Cystic Lesions of the Pancreas

Background/Aims: Due to enhanced imaging modalities, pancreatic cysts are being increasingly detected, often as an incidental finding. They comprise a wide range of differing underlying pathologies from completely benign through premalignant to frankly malignant. The exact diagnostic and management pathway of these cysts remains problematic and this review attempts to provide an overview of the pathology underlying pancreatic cystic lesions and suggests appropriate methods of management.

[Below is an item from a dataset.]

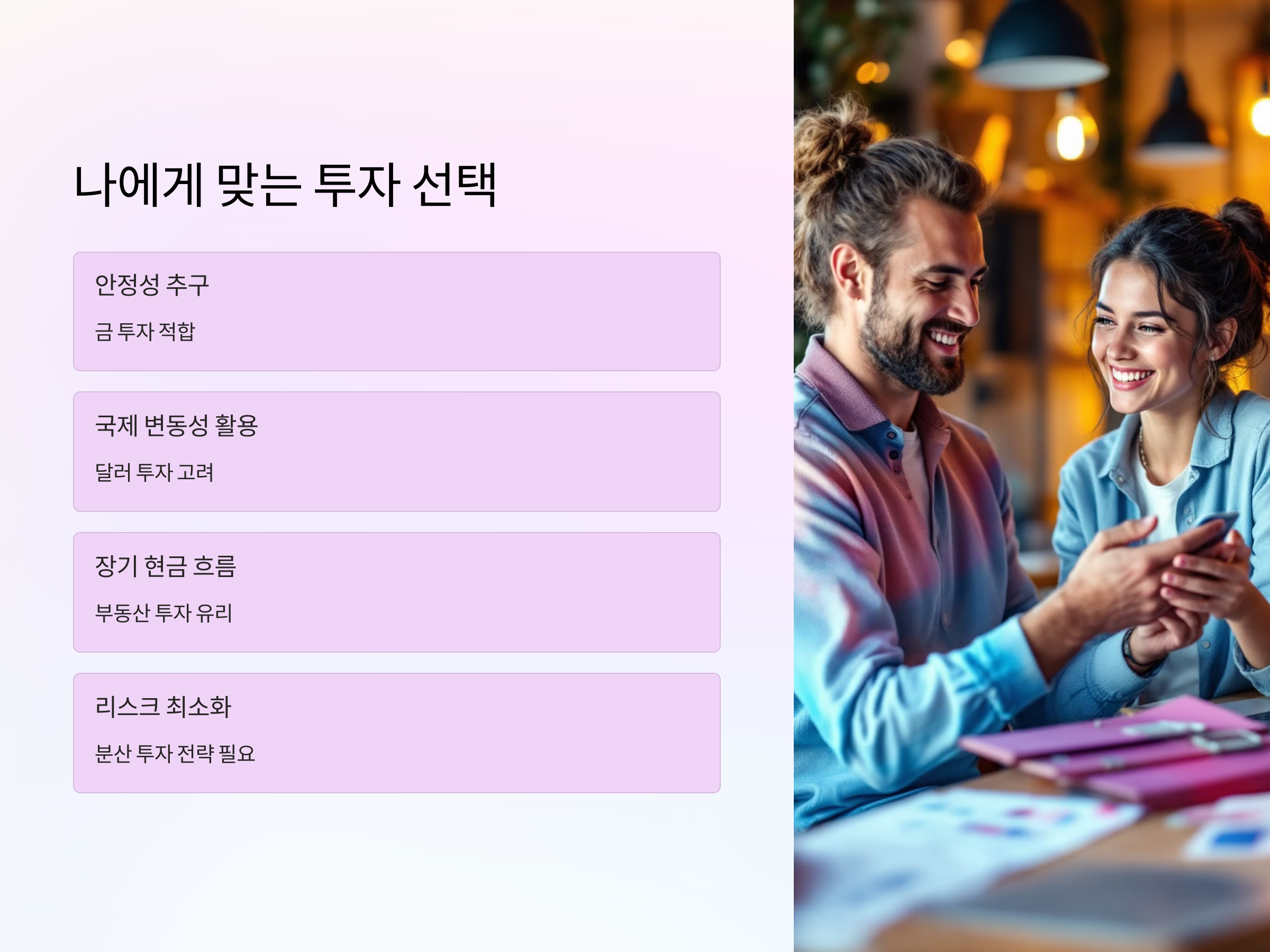 노후 대비를 위한 투자에서 가장 중요한 것은 자신에게 맞는 투자 전략을 선택하는 것입니다. 금, 달러, 부동산 각각의 특성과 리스크를 잘 이해하고, 자신이 원하는 목표를 달성할 수 있는 자산을 선택하는 것이 중요합니다. 만약 리스크를 최소화하고 싶다면 금이나 달러에 분산 투자하는 것도 좋은 방법입니다. 반면, 장기적인 수익을 추구한다면 부동산에 집중할 수 있습니다.

Methods: A search was undertaken with a Pubmed database to identify all English articles using the keywords ‘pancreatic cysts’, ‘serous cystadenoma’, ‘intraductal papillary mucinous tumour’, ‘pseudocysts’, ‘mucinous cystic neoplasm’ and ‘solid pseudopapillary tumour’. Results: The mainstay of assessment of pancreatic cysts is cross-sectional imaging incorporating CT and MRI. Fine-needle aspiration (FNA) (often with endoscopic ultrasound) may provide valuable additional information but can lack sensitivity. Symptomatic cysts, increasing age and multilocular cysts (with a solid component and thick walls) are predictors of malignancy. A raised cyst aspirate CEA, CA 19-9 and mucin content (including abnormal cytology), if present, can accurately distinguish premalignant and malignant cysts from benign ones. Conclusion: In summary, all patients with pancreatic cystic lesions, whether asymptomatic or symptomatic, must be thoroughly investigated to ascertain the underlying nature of the cyst. Small asymptomatic cysts (<3 cm) with no suspicious features on imaging or FNA may be safely followed up. Follow-up should continue for at least 4 years, with a repeat FNA if needed. An algorithm for the management of pancreatic cystic tumours is also suggested.